A pleasant surprise while attending college outside New York City was it being okay to hoist a brewski on the Metro-North run from Grand Central to Bronxville. And I could grab one on the platform on the way to boarding! This NY Times story looks at differences in preferred liquid libations between Metro-North and Long Island Rail Road commuters.

Cocktail? Choices Vary on Rail Lines From the City

"Last year, passengers bought nearly three million drinks and snacks from commissary carts and bar cars run by the railroads, generating $9 million in revenue."






If you can read this graphic you need another drink.
​


----------



## jimhudson (Oct 1, 2010)

Guess the stress of living in the city is just too much as the previous "I hate New York!" poster said! Or else those Yankees just don't need a real reason to get bombed! :lol: :lol: :lol:


----------



## MikefromCrete (Oct 2, 2010)

I find it interesting that Metro North and Long Island actually operate the sales outlets at the stations. In Chicago, Metra gave up on on-board sales of liquor and soft drinks, but each of the downtown stations have places where concessionaires sell beverages.


----------



## AlanB (Oct 2, 2010)

Metro North still has a few bar cars in use, but they only run on the New Haven line. If you ride the other 2 lines, then you must buy from the cart before boarding. And on the LIRR all trains are buy before boarding, with one exception. That exception being one special evening train to Montuak that you must pay a premium to ride and make a special reservation for.


----------



## Green Maned Lion (Oct 2, 2010)

AlanB said:


> Metro North still has a few bar cars in use, but they only run on the New Haven line. If you ride the other 2 lines, then you must buy from the cart before boarding. And on the LIRR all trains are buy before boarding, with one exception. That exception being one special evening train to Montuak that you must pay a premium to ride and make a special reservation for.


I distinctly remember Joe Clift telling me the _Cannonball_ doesn't offer on board liquor sales anymore to regular coach passengers. My memory, admittedly, not being what it once was.


----------



## AlanB (Oct 3, 2010)

Green Maned Lion said:


> AlanB said:
> 
> 
> > Metro North still has a few bar cars in use, but they only run on the New Haven line.

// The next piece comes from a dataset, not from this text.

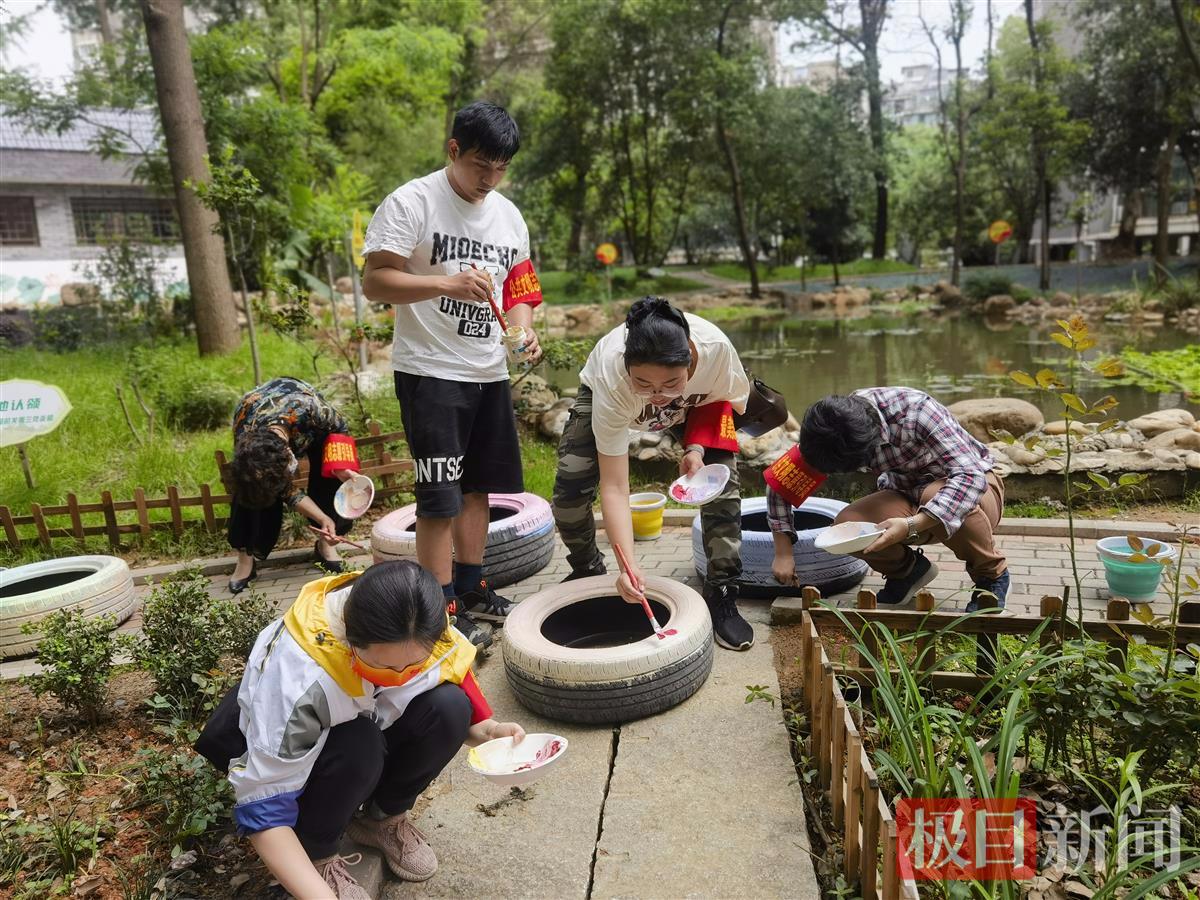 5月5日,武昌区南湖街道都市桃源小区下沉党员、退休党员、小区热心志愿者,在共享花园开展“创意轮胎彩绘 扮靓小区环境”活动,大家在废旧轮胎上作画,为小区增添一抹色彩。
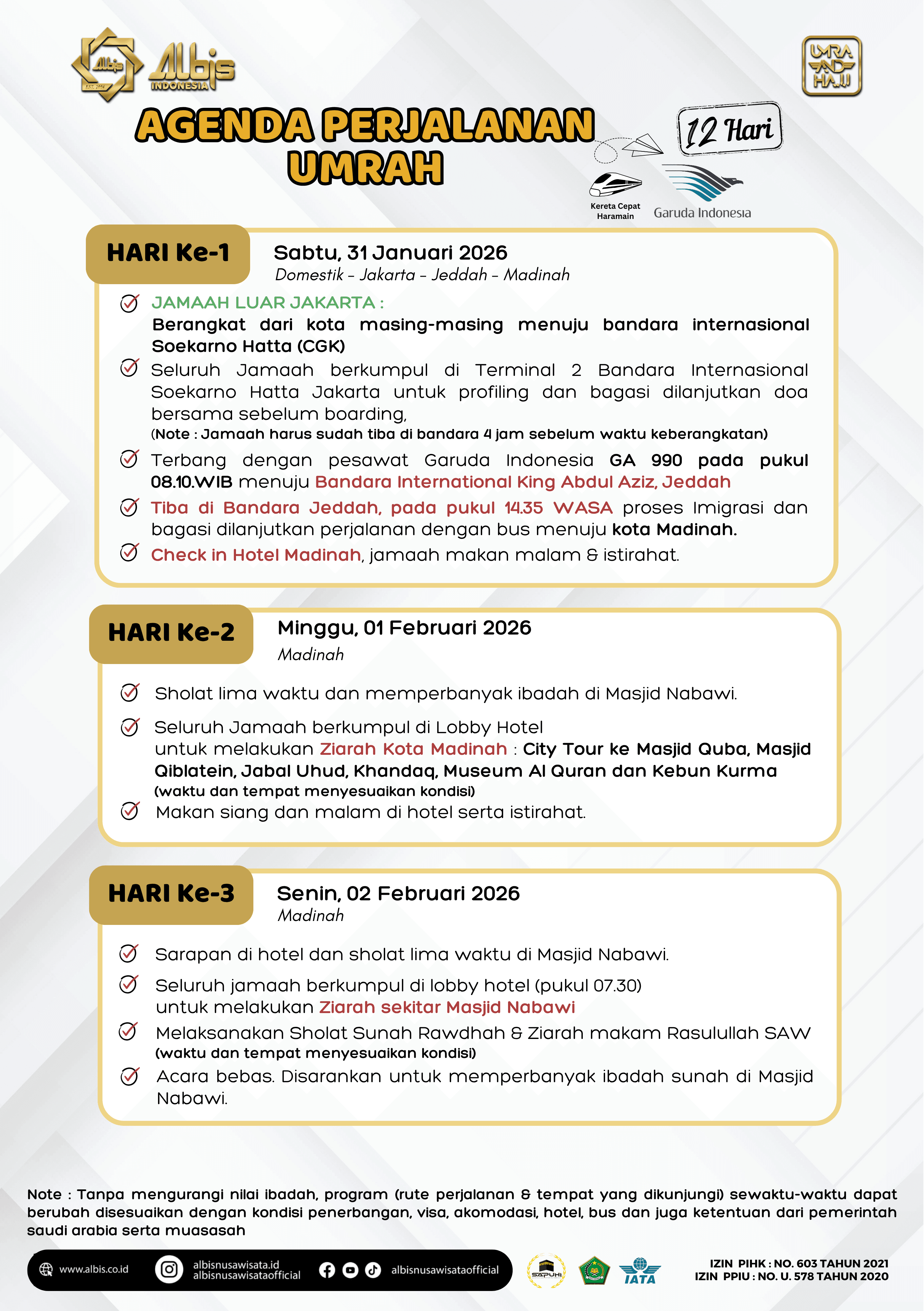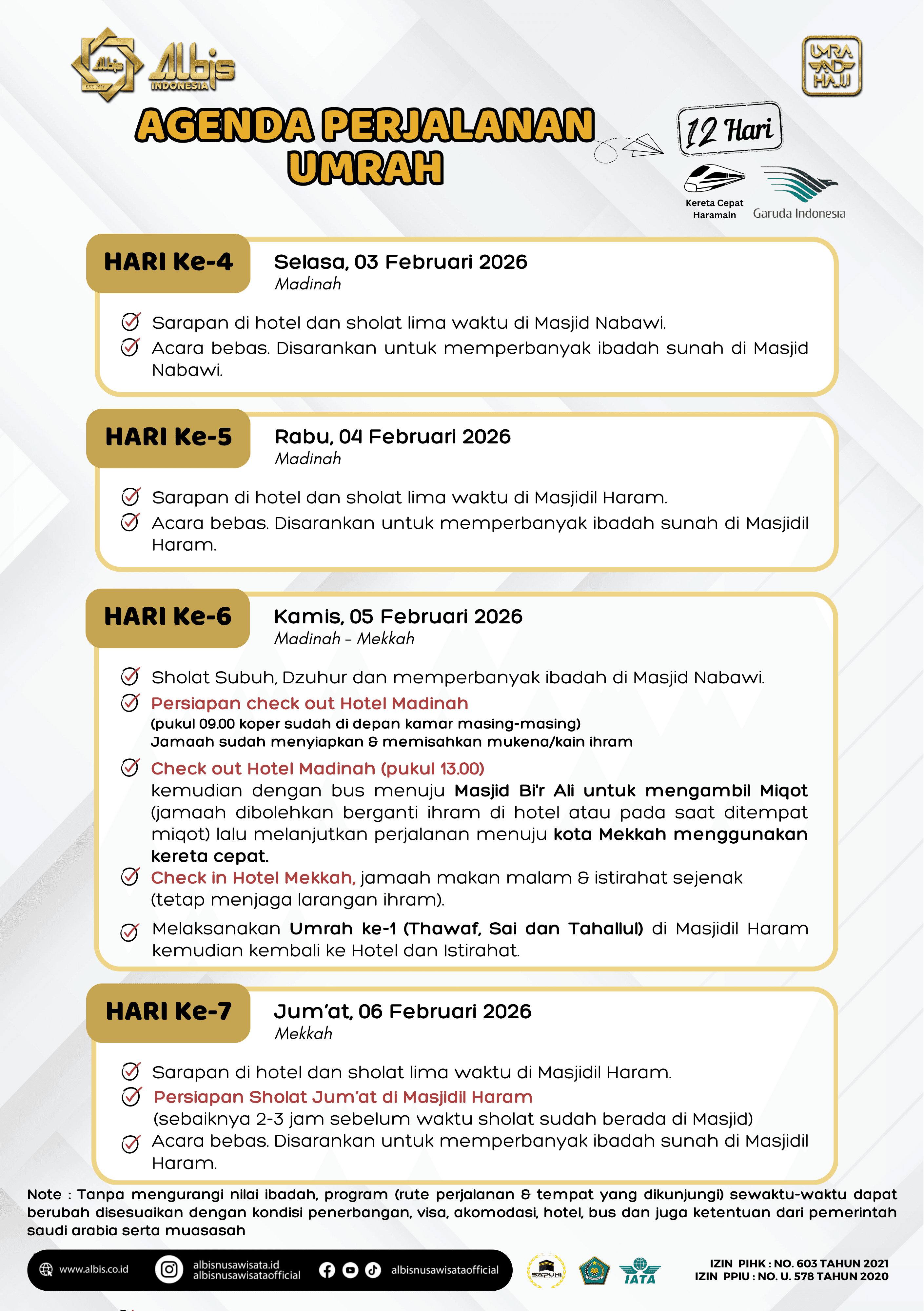 Paket Umrah yang ditawarkan oleh Albis adalah salah satu pilihan yang sangat menarik bagi mereka yang bercita-cita untuk melaksanakan ibadah Umrah ke Tanah Suci. Nikmati Perjalanan Spiritual yang Nyaman dan Memorable bersama Albis.

If you ride the other 2 lines, then you must buy from the cart before boarding. And on the LIRR all trains are buy before boarding, with one exception. That exception being one special evening train to Montuak that you must pay a premium to ride and make a special reservation for.
> ...


And he's right. The key words being "regular coach passengers". You're not a regular coach passenger when you make a reservation and pay the premium to ride in the special car.


----------



## Green Maned Lion (Oct 4, 2010)

*shrug*


----------